Illustration by Rob Donnelly. Photograph of Justice Antonin Scalia on Slate's home page by Alex Wong/Getty Images.
COMMENTS

Remarks from the Fray:

This decision is a disappointment. Not in its result, because I strongly believe this is the correct decision. What is disappointing is that the Supremes chose to issue another decision that doesn't announce a guiding principle, and which applies only the present case. This reminds me of a classic Calvin & Hobbes cartoon, in which our heroes created an army of Snow Goons to battle the evil Susie Derkins. But the Snow Goons eventually turn on Calvin & Hobbes. After finally defeating the Snow Goons, Calvin says to Hobbes, "Well, we sure learned a valuable lesson today. And that lesson is this: Snow Goons are bad news!" To which Hobbes replies, "That's a lesson that ought not to have any applicability elsewhere in life."

This is a Snow Goons decision. It stands for the extremely narrow proposition that school districts can forbid expressions that appear to advocate recreational drug use. What about other messages that are contrary to the educational mission of the school? We don't know, because the Supreme Court is only interested in resolving for us the extremely pressing issue of whether "BONG HiTS 4 JESUS" is acceptable speech in an educational environment. Heaven help any school administrator who looks to this decision for guidance. […] Next year's landmark decision: "METH 4 MOSES"

--CaLawyer

(To reply, click here.)

I'm not a constitutional scholar, but how can Dellinger say that there is no harm to the taxpayers in Hein, and so no standing? Isn't the precedent, upheld by the FEC ruling, that spending money is a form of speech? And so isn't saying it's okay to spend my tax money on something sort of a tacit way of saying I agree with or I approve of what it is being spent on? So if my tax money is being spent to support religious institutions that I don't support or agree with, isn't that a violation of my first amendment rights? I mean isn't the harm that the government is essentially forcing me to support particular religious institutions that I might not agree with? Or by Dellinger's argument, would my case only have merit if I argued that having to support a specific religious institution with my tax money was violating my freedom to practice religion (or not) in the way I want.
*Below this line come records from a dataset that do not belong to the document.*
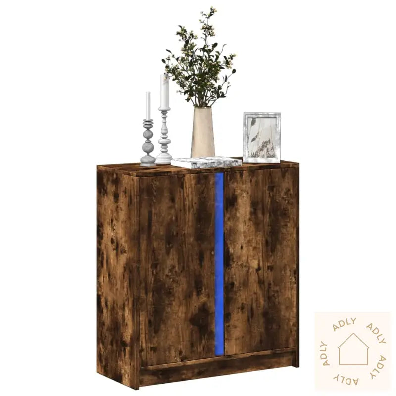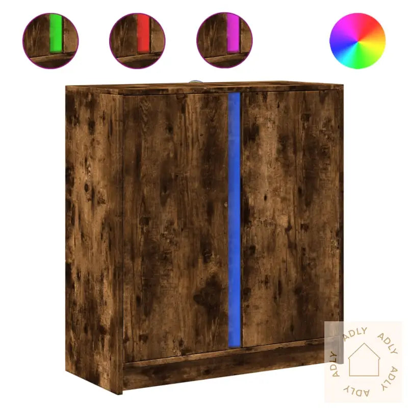 Den er laget av konstruert treverk av høy kvalitet, kjent for sin glatte overflate, styrke, gode stabilitet og evnen til å tåle fuktighet – noe som gjør den til et robust valg for hjemmet ditt.RGB LED-lysene kan endre farge etter humøret ditt eller anledningen. Du kan velge flere forskjellige farger og lysmoduser via en brukervennlig meny. Enten du vil skape en koselig stemning, fremheve dekorasjoner, eller ha litt ekstra wow-effekt når du får besøk, gir LED-belysningen denne buffeen en ekstra moderne og trendy detalj.Med godt med oppbevaringsplass inni skapet, får du plass til å holde orden på tingene dine – alt fra servise og glass til hverdagslige småsaker har sin plass, så hjemmet føles både ryddig og gjennomført.Den solide toppen gjør det enkelt å vise frem favoritter som bilder, fine vaser eller potteplanter, og gir samtidig et personlig preg på rommet.Praktiske dører skjuler tingene dine og beskytter dem mot støv, så innholdet holder seg pent lenger.Godt å vite:
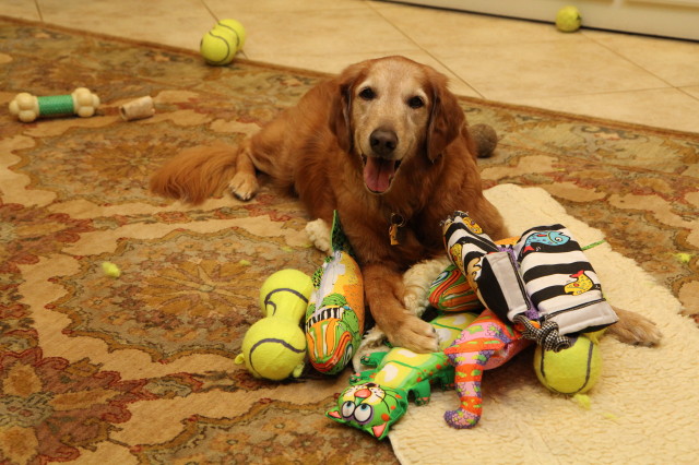 only dog with 100 toys on hand—a girl can never have enough.
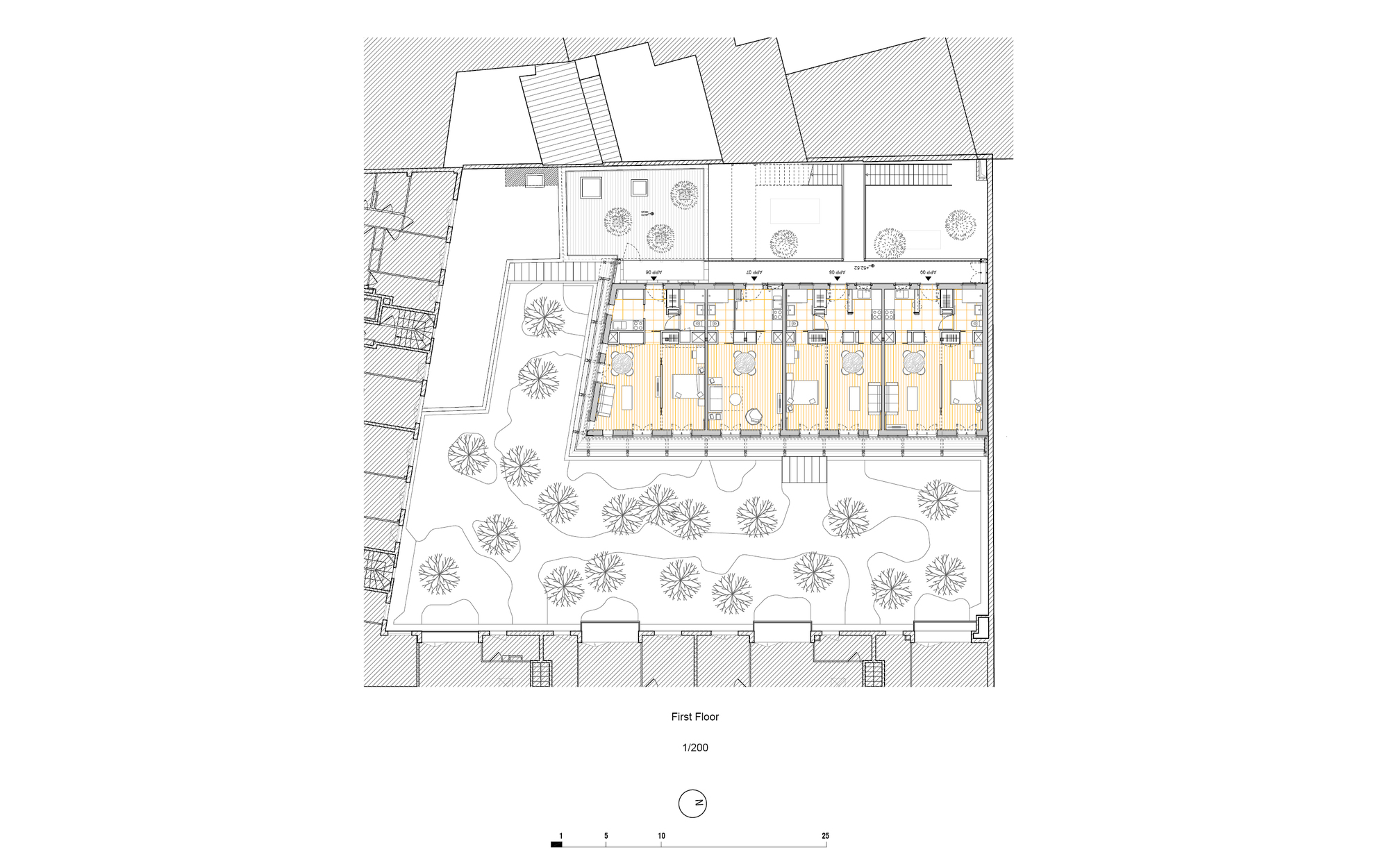 어반보이드와 같은 대지에 새로운 주거공간을 구성합니다. 빌딩 숲 속에 위치한 대지의 구축을 위해 습식공법(철근콘크리트 공법)이 아닌 건식공법, 목조건축으로 진행됩니다.
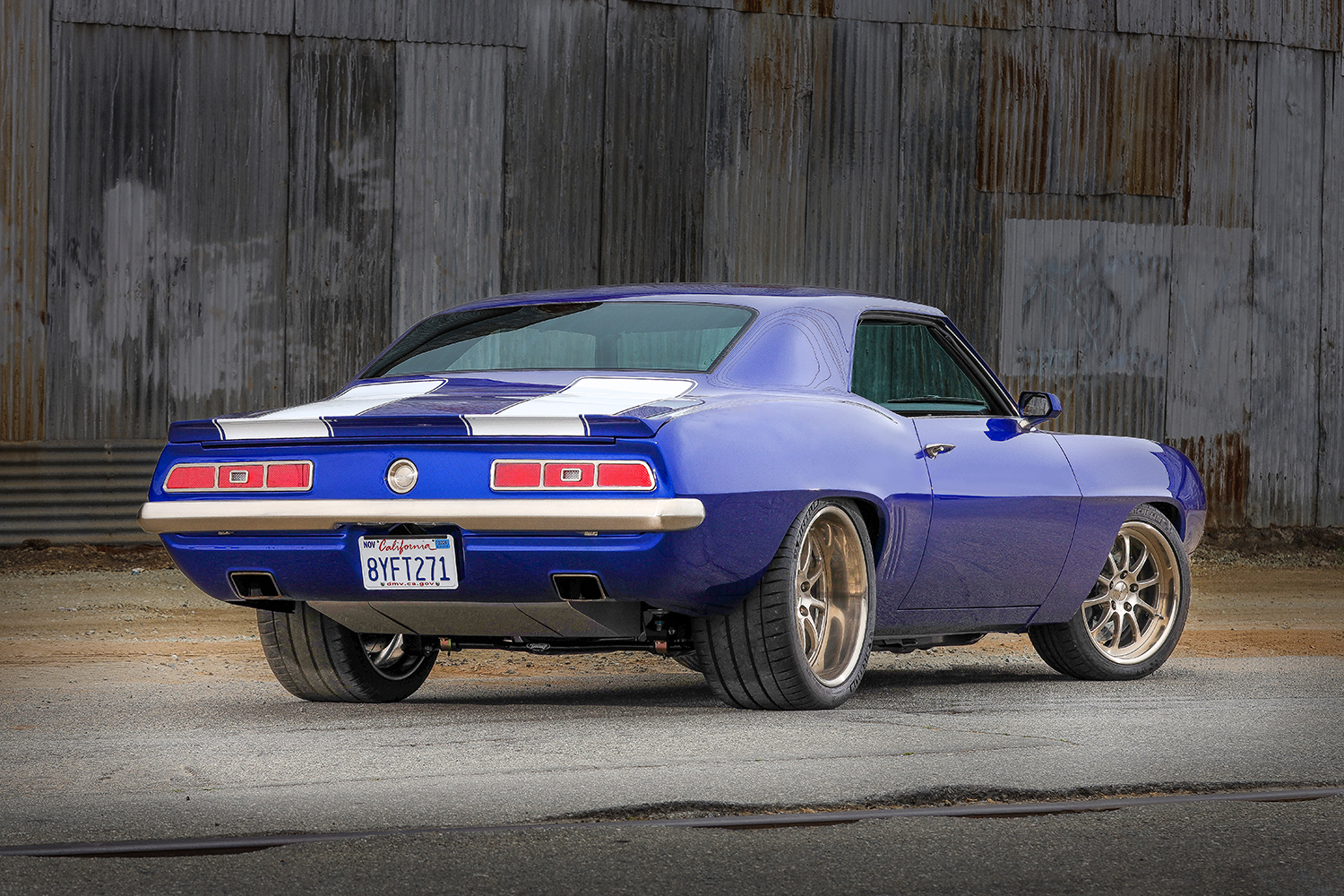 Outside, the Camaro features stunning originality combined with subtle enhancements. The bodywork executed by Gary’s Rods and Restorations looks brilliant under the Axalta Blue mix with Corvette Code 10 White rally stripes. Both the front and rear bumpers have been tucked for a cleaner appearance, while the Detroit Speed mini-tubs provide the necessary real estate to house the bulbus meats out back.
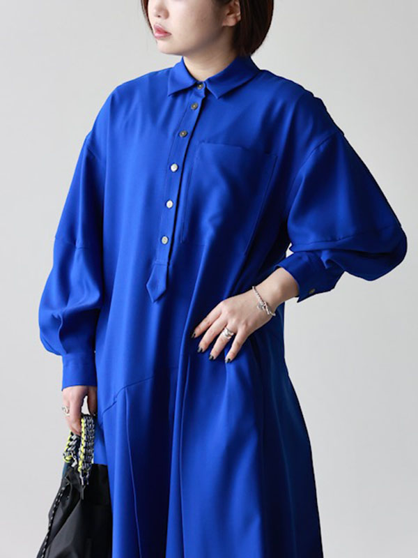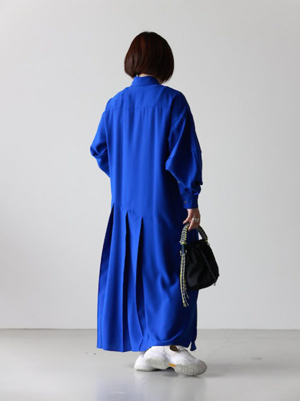 オススメポイントは、切り替えのプリーツが小柄な方でもバランスを良く見せてくれる着丈感です。発色の良いブルーに気分が上がりますね☺
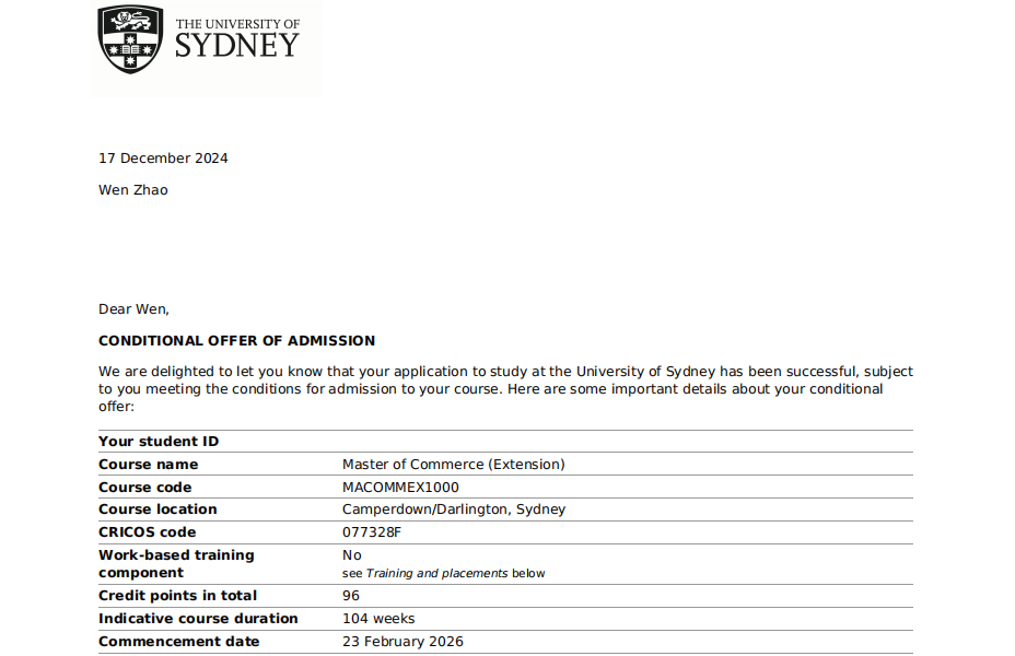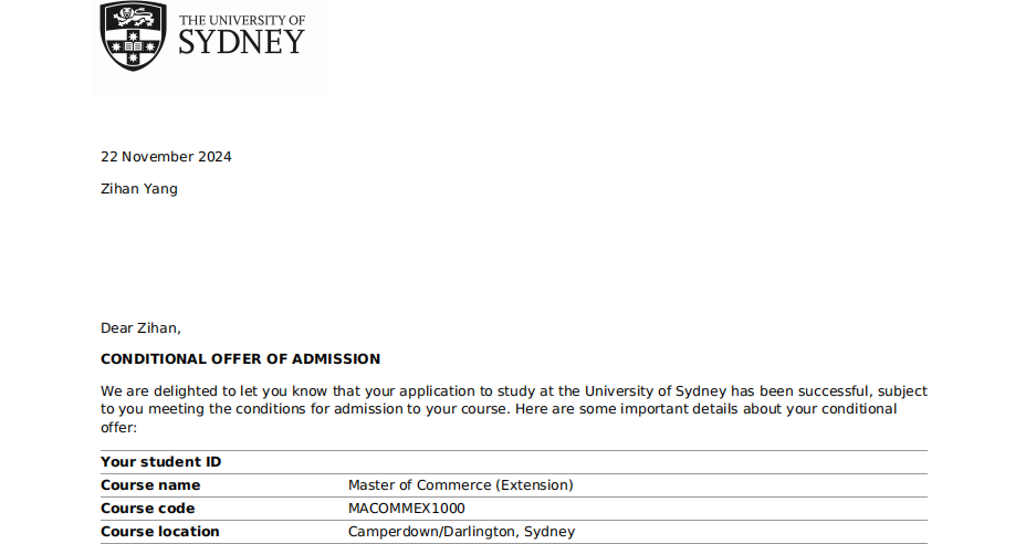 特别祝贺2025届艺术设计学院学子 杨紫涵同学,斩获悉尼大学(QS:18)OFFER。
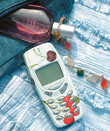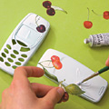 Vágjuk ki a cseresznyéket a szalvétából, és húzzuk le a legfelső mintás réteget. Állítsuk össze a tokot üresen, és tervezzük meg a minták elrendezését. Kenjünk fel egy réteg ragasztólakkot a telefonra, helyezzük rá a kivágott motívumot, és középről kifelé simítsuk a felületére a cseresznyéket. Próbáljuk meg a puha ecsettel a legapróbb ráncokat is eltüntetni. Amikor a lakk már majdnem megszáradt, sniccerrel óvatosan vágjuk el a szalvétát a telefon két oldalának illesztésénél, és vágjuk ki a nyomógombok nyílásait is abban az esetben, ha ezeket is mintákkal díszítettük. Végül kenjük át a tokot még néhány réteg lakkal. Száradás után helyezzük vissza a telefon alkatrészeit.

I realize that there's a potential problem with the argument I've laid out b/c it opens the door to saying that spending tax dollars on anything that I don't approve of is a violation of my right to free speech. But I would think that there's probably a fairly clear way to distinguish between spending in general and spending that targets only specific religious institutions. Also, my argument isn't that the court should necessarily find for the taxpayer group in this case, but that I think that if the legislature or the executive branch is going to ask me to contribute money to religious groups...then I should at least be able to have the judiciary decide if they're doing it in a constitutional way.

--SlateSurfer

(To reply, click here.)

It looks like the student made a minor mistake. Instead of unfolding the banner at or near the school grounds, he should have purchased 15 seconds of add time on the local TV station, with video showing the banner and a somber voice advising viewers to call the school principal and ask why he opposes the banner.

--rrfan

(To reply, click here.)

With regard to the 1st Amendment's Establishment Clause, Dellinger writes, "Government prayer, bad . . . private prayer, good." Where, pray tell, does Dellinger find a prohibition on "government" in the 1st Amendment? Of course "the government" can be petitioned for a redress of grievances, but the key word in the text is "Congress" -- not "the state" and not "the government". The amendment places a limit on the actions of Congress, not on "government" in general. And "Congress" means "Congress" -- it doesn't mean "the Executive branch" or anything else that isn't Congress.

--Tori_Fox-Hunter

(To reply, click here.)

The courts always have trouble with humor. They're serious places filled with serious people in serious clothes doing serious things. Judges demand - and expect -respect, and don't tolerate jokes. Even when they talk about humor, they fall back on Important Satirists like Jonathan Swift, and don't discuss the equally subversive, but much funnier, Moliere.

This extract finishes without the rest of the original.